Diagnosis of MEN 1 is on the basis of family HX and development of tumours in 2 of:
- Parathyroid glands
- Pancreatic islets
- Anterior pituitary gland
Genetic basis for MEN 1
- Mutations in the MEN gene on chromosome 11, which codes for menin, a nuclear tumour suppressor protein which regulates transcription through its interference with TFs and thereby stabilises the genome. It also assists in cell differentiation and proliferation and interacts with TFF-beta signalling.
- >1300 different mutations have been identified in affected families.
- All mutations associated with MEN 1 lead to loss of function of menin.
How can a loss of function mutation have autosomal dominant inheritance?
- A somatic mutation occurs in the normal allele, so now 2 defective alleles (i.e. inherited one that was already defective).
- Inactivation of the normal allele (2 copies of the gene on 2 chromosomes but one is inactivated and one is defective).
Type 2 MEN
2a
MEN 2a accounts for ~95% of MEN 2.
- 100% of patients have medullary thyroid carcinoma à aggression in patients. Early thyroidectomy required.
- ~50% of patients have a bilateral adrenal phaechromocytoma, which is usually benign.
- ~50% of patients have parathyroid hyperplasia (but <20% have hypercalcaemia!)
MEN Type 2b
MEN 2b accounts for ~5% of MEN 2.
- 100% of patients have medullary thyroid carcinoma.
- ~50% of patients have a bilateral adrenal phaechromocytoma, which is usually benign.
- There is no parathyroid hyperplasia in MEN 2b.

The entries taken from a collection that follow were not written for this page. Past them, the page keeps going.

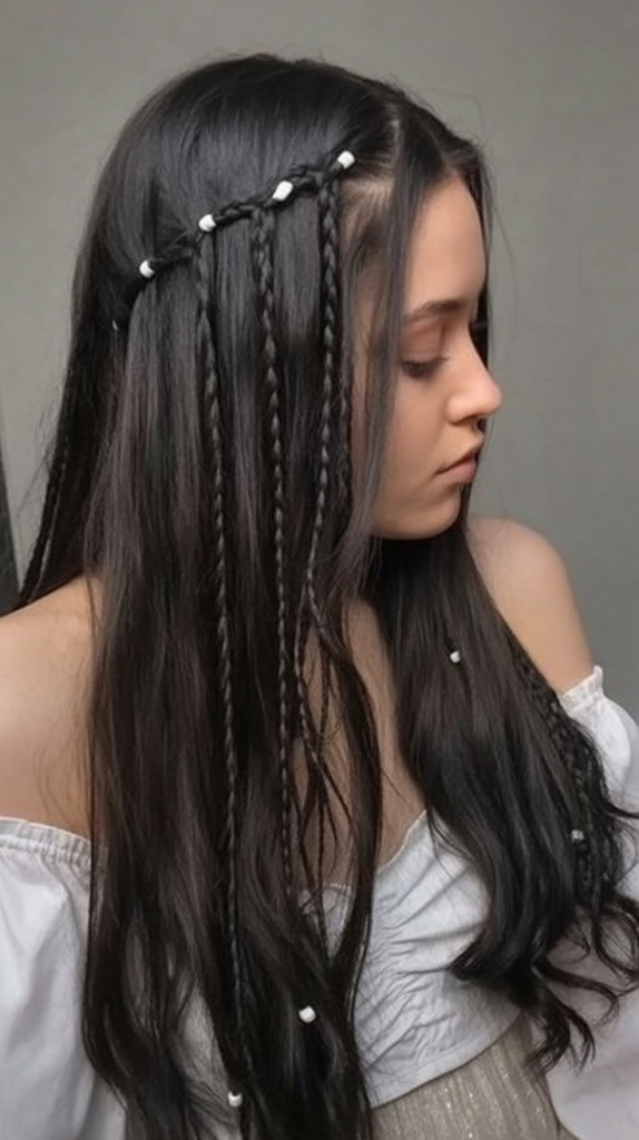 Side part and beads mixed with little braids and the bohemian style bred a very loose yet elegant style. It is playful and can automatically add an artisan, handmade quality to your style.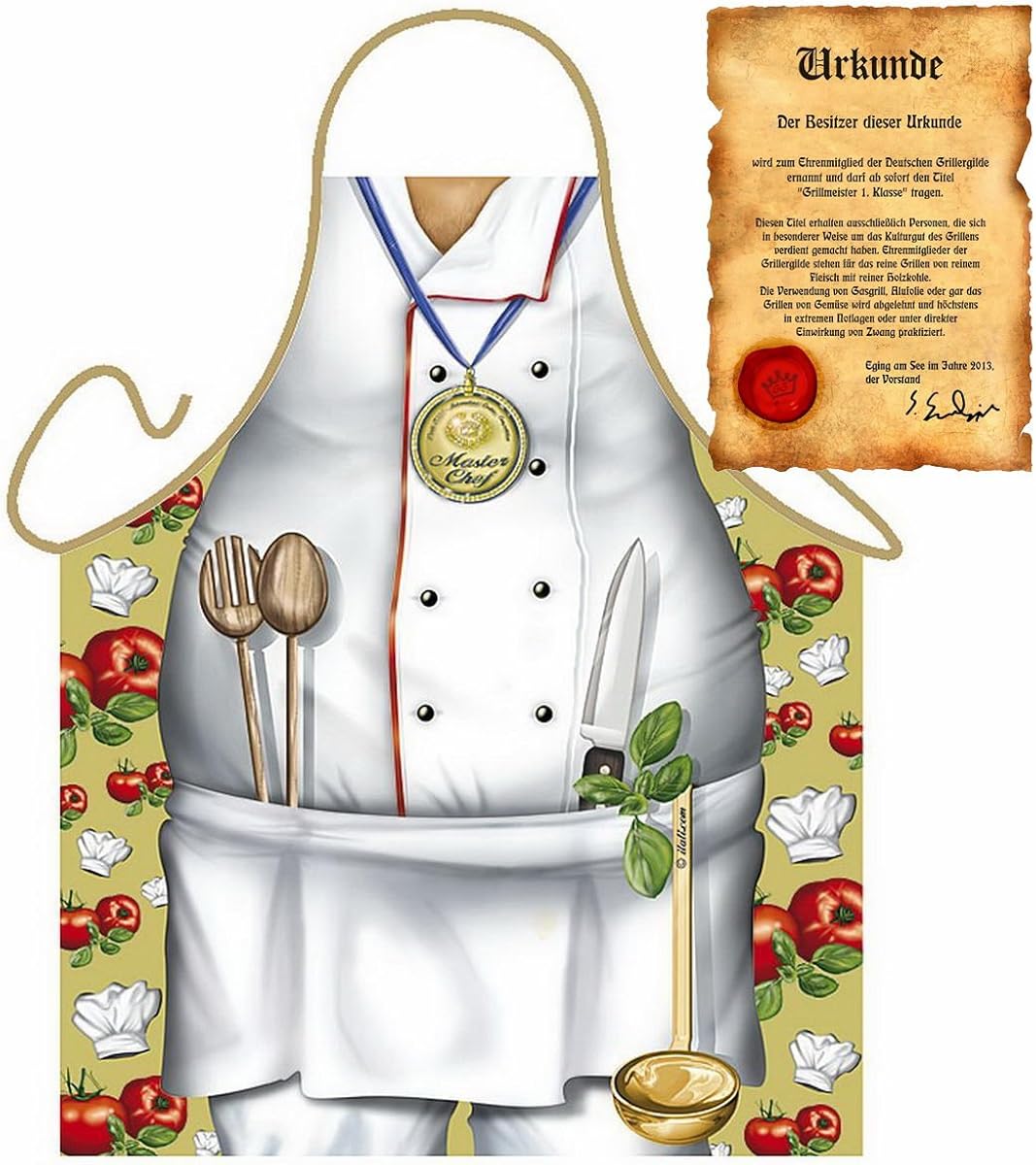 Alter, diese Grillschürze mit dem Aufdruck KOCHGOTT ist einfach der Hammer für jede Grillparty! Aus 100% Baumwolle - super angenehm zu tragen und bei 30°C waschbar. Die Einheitsgröße passt eigentlich jedem, ob Mann oder Frau. Mit praktischer Fronttasche für dein Grillwerkzeug und langen Bändern zum bequemen Umbinden. Wird übrigens in Baden-Württemberg hergestellt - deutsche Qualität halt! Perfekt als Geschenk für Grillfans oder einfach für dich selbst. Auf jeder Party ziehst du damit garantiert alle Blicke auf dich. Der Druck ist witzig und bleibt auch nach mehrmaligem Waschen super erhalten. Einfach anziehen und losgrillen! Damit wirst du zum unangefochtenen Grillmeister jeder Feier. Egal ob im Garten oder auf dem Balkon - mit dieser Schürze machst du immer ne gute Figur!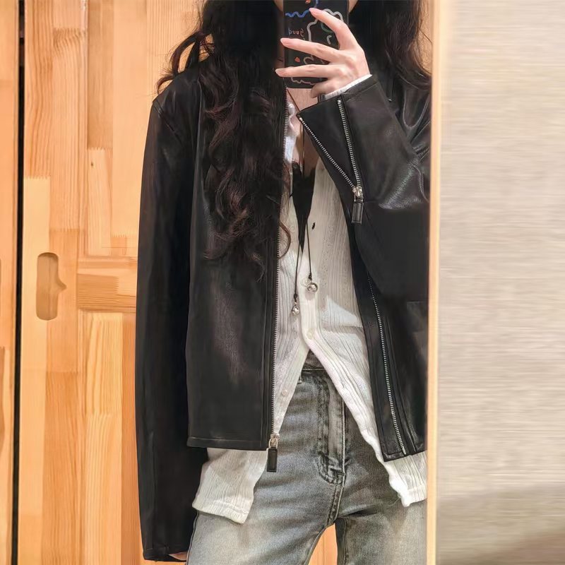 여성용 블랙 가죽 자켓 2025 봄, 가을 신상 자켓 고급 짧은 스타일 작은 사람들을 위한 올해 인기 스타일스토어 가기

- Mucosal neuromas à GI symptoms, muscle hypotonia, chronic constipation due to hyperplasia of autonomic ganglia in the intestinal wall. Mucosal neuromas are visible as ‘bumps’ on the lips, cheeks, tongue, glottis, eyelids and visible corneal nerves, so patients may present with these.
- Marfan-like signs due to CT defects (abnormal fibrillin-1, which is a ligand for TGF-beta).
Genetics of MEN 2
- Mutation in the Ret proto-oncogene, a receptor tyrosine kinase, which is located on chromosome 10.
- The Ret gene acts as a tumour initiator. It plays a role in central and peripheral nerve development and function.
- The mutant present in MEN 2 is constitutively active without a ligand, resulting in uncontrolled tumour initiation.
- Tests for ret mutations are revolutionising MEN2 treatment by enabling a prophylactic thyroidectomy to be done before neoplasia occurs, usually before 3 years of age.
Remember: most medullary thyroid carcinomas and phaeochromocytomas result from spontaneous new mutations, e.g. of ‘ret’ – only ~10% are due to MEN.
Management
- MEN is the most treatable form of pancreatic neoplasia, and a treatable cause of hypercalcaemia – so look out for it!
- Management involves surgical excision of the tumours wherever possible, along with symptomatic treatment as outlined above, relating to the specific endocrine glands affected.
- Due to the autosomal dominant inheritance of the disease, family members should be screened by measurement of serum calcium in MEN 1, and by genetic testing for Ret mutations in MEN 2.
- Patients known to have MEN require constant surveillance to check for their acquisition of any additional features of the syndrome, which may indicate their development of an additional tumour. This may happen many years after their initial presentation and diagnosis.